Big Woods: The Hunting Stories
R**N
Magnificent Hunting Stories Like No Others
No one could write like Faulkner, no one has ever captured what it’s like to be out in the woods on a drizzly iron cold November day cradling a rifle then hoisting it quickly to your shoulder as a burst of speed, pelt and shadow slips through the thickets and trees, the squeeze of the trigger, the kick against the shoulder, the sharp clap-clap-clap that shudders the air. Faulkner writes with a river of words that carry the reader a long like a leaf on a fast-flowing stream, eddying, pooling, whirl pooling, figure-eighting, dragged under, then buoying up, motionless for a moment, then swept on again.

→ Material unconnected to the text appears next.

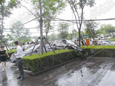 记者昨日下午在现场看到,从石阶处到被撞车子停放的地方差不多有十多米距离,绿化带上方的灌木丛叶子也都被车底“削平”了,“不知道的人还以为是人为修剪过的呢。”附近一位保洁员介绍。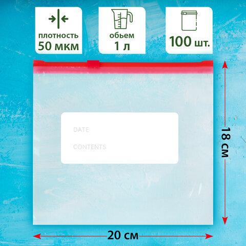 Пакеты для заморозки продуктов, 1 л, КОМПЛЕКТ 100 шт., с замком-застежкой (слайдер), LAIMA

These stories are as good as anything Faulkner ever wrote, which means they’re masterpieces, haunting, beautiful revelations of the spirit of the land, of the ghosts who still walk that land, of the land’s devastation, of the living who still treasure its surviving bounty and mourn in the watches and deepest keepings of their heart its irreversible and inevitable passing. If you read anything by Faulkner, read this. You’ll hear the rain on the tent, smell the 4 o’clock coffee, stretch on the cot, feel the promise of dawn seep through the tent flap, step out into darkness sparkling with stars. Very Highly Recommended.
N**L
Meeting the Enemy
Big Woods was my introduction to William Faulkner, and I waited far too long it seems (owing to my immature aversion to Faulkner due to his criticism of my beloved Ernest Hemingway). These four tales and their prologues were so rich and vivid with their sylvan tradition, ritual, barbarism, naturalism and romanticism. Through the progression of the tales, up until the last lines, I grew sorrowed and lamented the gradual ravaging of Big Bottom, the Big Woods. A very poignant work. I look forward to enjoying some more of William Faulkner's works. I will let Faulkner's and Hemingway's verbal jabs at one another die with those writers, and I will enjoy both of their works.
J**B
Good read & was for a gift
Good stories by great author
H**Y
Different, difficult, daring and sometimes worth it.
Faulkner is a difficult read for those used to conventional narratives. What he tries to do with words, however, is sculpt a scene and then place it into a frame with language as his only material. He fashions a kind of diorama. The reader simply has to let go, let the words and phrases continue until he sees the whole scene, both in its historical depth and in its ongoing solidity.If the reader can permit him or herself to do that, the language will become beautiful and flowing and be heard to be saying things. that might otherwise take many books to say. The danger of this approach is that the language might become evanescent, and while some of the images might remain in the reader's mind their expression will have passed too quickly to be recalled. So: Faulkner is a daring writer. It takes effort o read him. I found it worth it. Others might not. --Harold J.Bershady
B**Y
Five Stars
nice
C**R
great read
loved it
A**R
Five Stars
This book is written by William Faulkner. What else needs to be stated?
J**P
Great read. The way the author brings the story ...
Great read. The way the author brings the story to life is amazing. Makes you feel like you are actually in the woods with the characters in the stories.